• Materials provided:
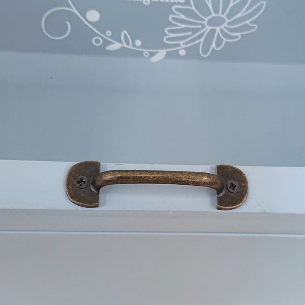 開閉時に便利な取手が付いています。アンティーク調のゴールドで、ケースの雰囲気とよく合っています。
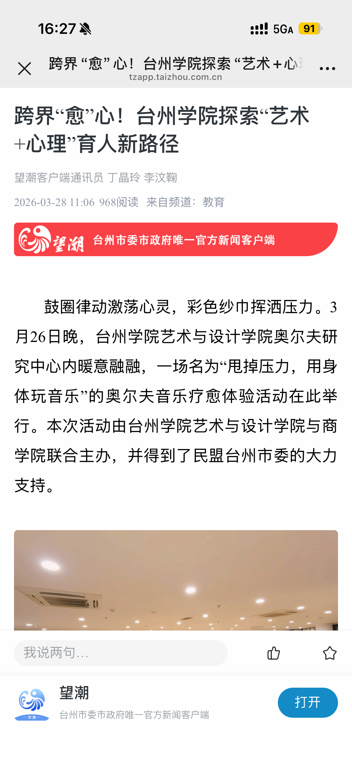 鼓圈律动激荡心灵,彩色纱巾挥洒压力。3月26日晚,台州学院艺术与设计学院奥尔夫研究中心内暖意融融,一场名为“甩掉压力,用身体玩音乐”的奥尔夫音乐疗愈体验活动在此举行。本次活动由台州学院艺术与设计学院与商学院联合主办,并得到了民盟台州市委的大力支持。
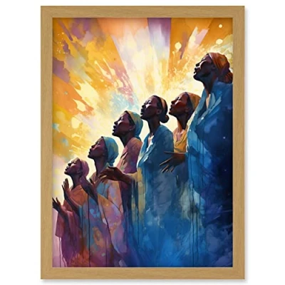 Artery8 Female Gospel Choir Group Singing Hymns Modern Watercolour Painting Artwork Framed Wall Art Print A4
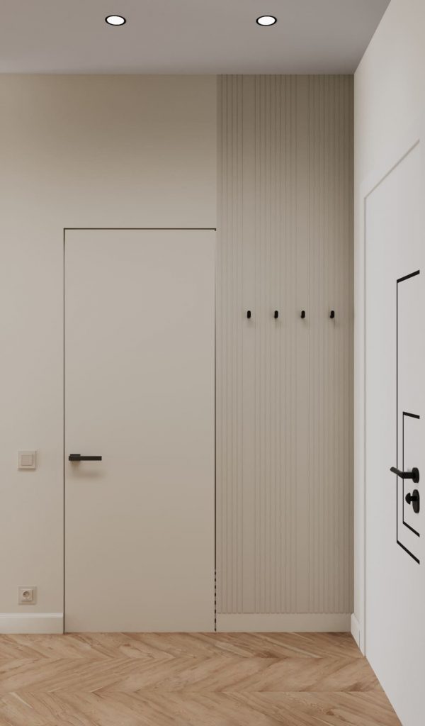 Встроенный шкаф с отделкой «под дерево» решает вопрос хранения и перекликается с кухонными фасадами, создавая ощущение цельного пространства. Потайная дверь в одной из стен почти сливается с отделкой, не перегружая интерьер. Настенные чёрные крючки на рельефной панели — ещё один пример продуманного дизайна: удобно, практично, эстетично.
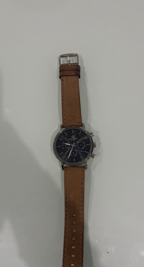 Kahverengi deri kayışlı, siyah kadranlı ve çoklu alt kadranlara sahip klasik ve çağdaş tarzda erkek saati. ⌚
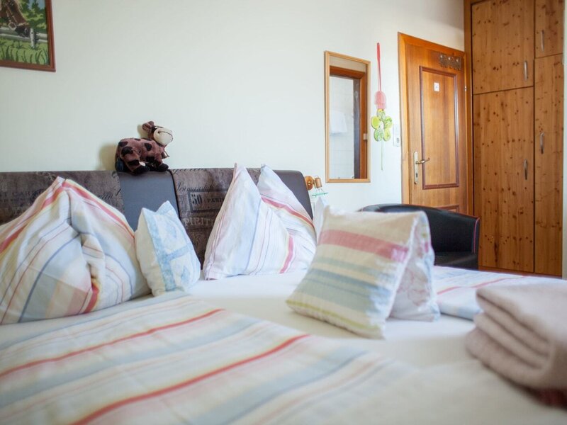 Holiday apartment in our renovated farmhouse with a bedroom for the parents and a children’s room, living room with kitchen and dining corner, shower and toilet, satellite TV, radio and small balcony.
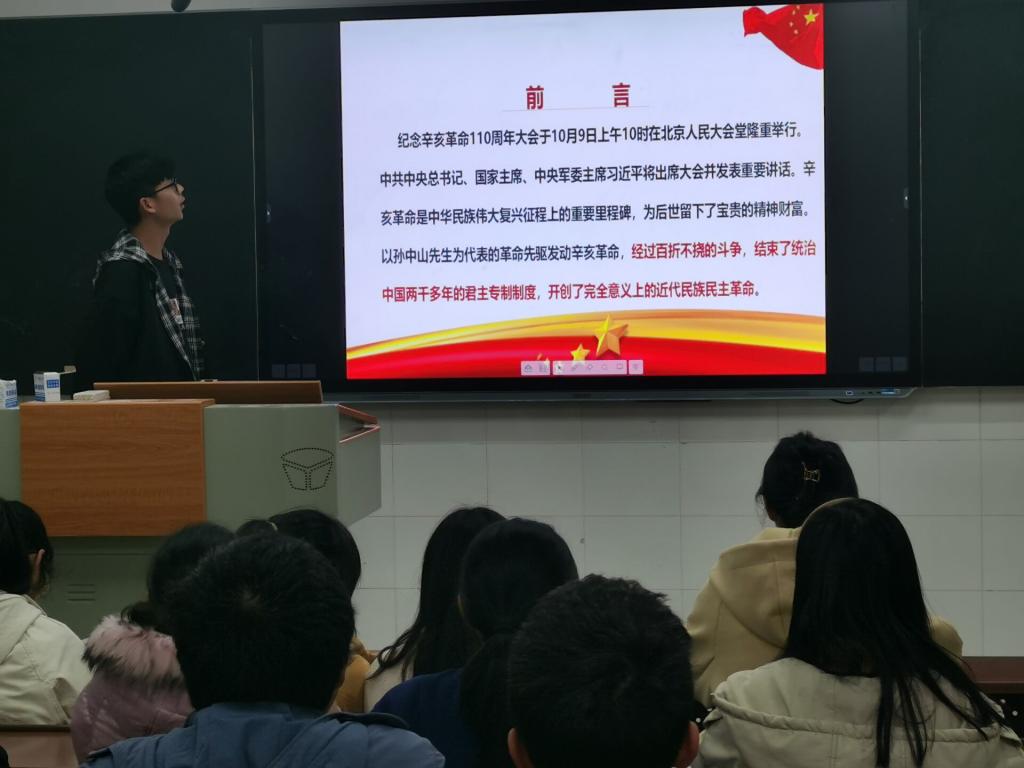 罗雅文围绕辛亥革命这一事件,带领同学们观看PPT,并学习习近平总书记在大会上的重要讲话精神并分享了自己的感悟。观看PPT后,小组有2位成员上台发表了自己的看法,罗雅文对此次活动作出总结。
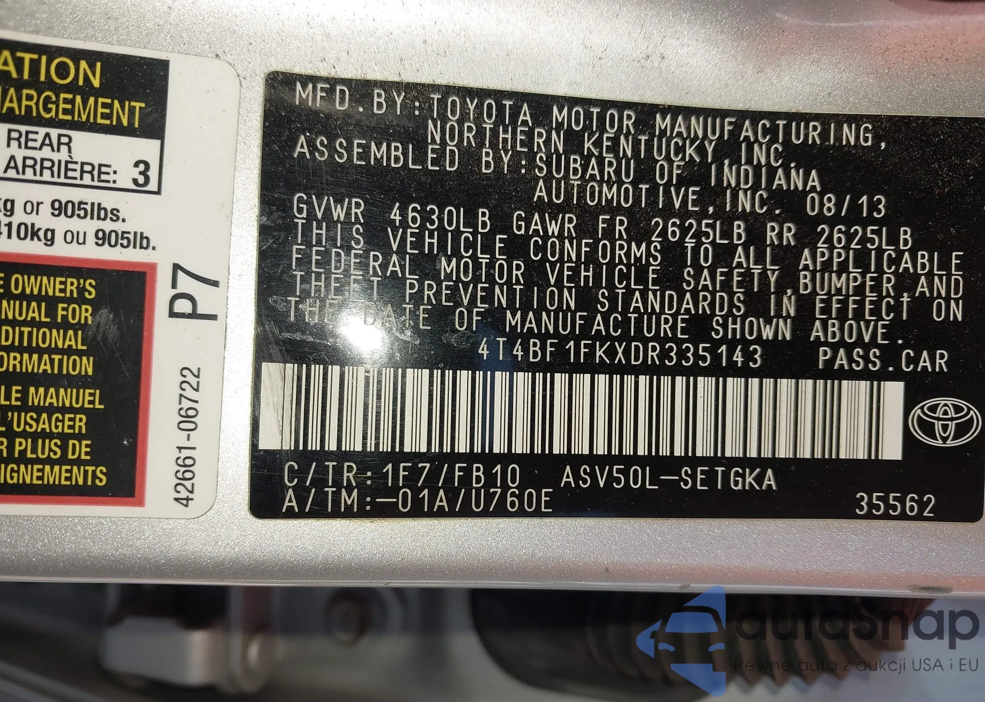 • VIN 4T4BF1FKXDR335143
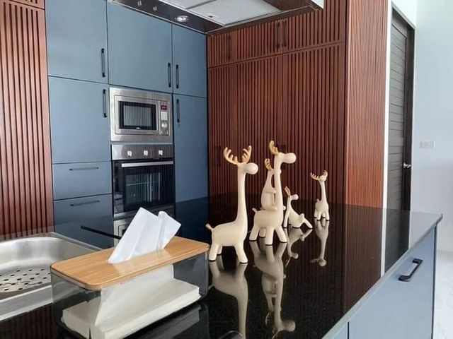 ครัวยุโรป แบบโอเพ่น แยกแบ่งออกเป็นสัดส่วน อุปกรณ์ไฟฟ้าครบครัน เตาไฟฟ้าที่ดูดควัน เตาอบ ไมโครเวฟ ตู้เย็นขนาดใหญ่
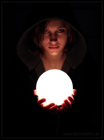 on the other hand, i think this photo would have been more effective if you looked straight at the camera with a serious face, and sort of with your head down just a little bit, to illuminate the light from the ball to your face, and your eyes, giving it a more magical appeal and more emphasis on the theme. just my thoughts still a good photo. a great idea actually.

• Task instructions:
Up in the listing, locate the line with "Holiday apartment in"; print it and every line after it down to the line with "ครัวยุโรป แบบโอเพ่น แยกแบ่งออกเป็นสัดส่วน", which is included too. Skip the pictures.

• Answer to the problem:
 Holiday apartment in our renovated farmhouse with a bedroom for the parents and a children’s room, living room with kitchen and dining corner, shower and toilet, satellite TV, radio and small balcony.
 罗雅文围绕辛亥革命这一事件,带领同学们观看PPT,并学习习近平总书记在大会上的重要讲话精神并分享了自己的感悟。观看PPT后,小组有2位成员上台发表了自己的看法,罗雅文对此次活动作出总结。
 • VIN 4T4BF1FKXDR335143
 ครัวยุโรป แบบโอเพ่น แยกแบ่งออกเป็นสัดส่วน อุปกรณ์ไฟฟ้าครบครัน เตาไฟฟ้าที่ดูดควัน เตาอบ ไมโครเวฟ ตู้เย็นขนาดใหญ่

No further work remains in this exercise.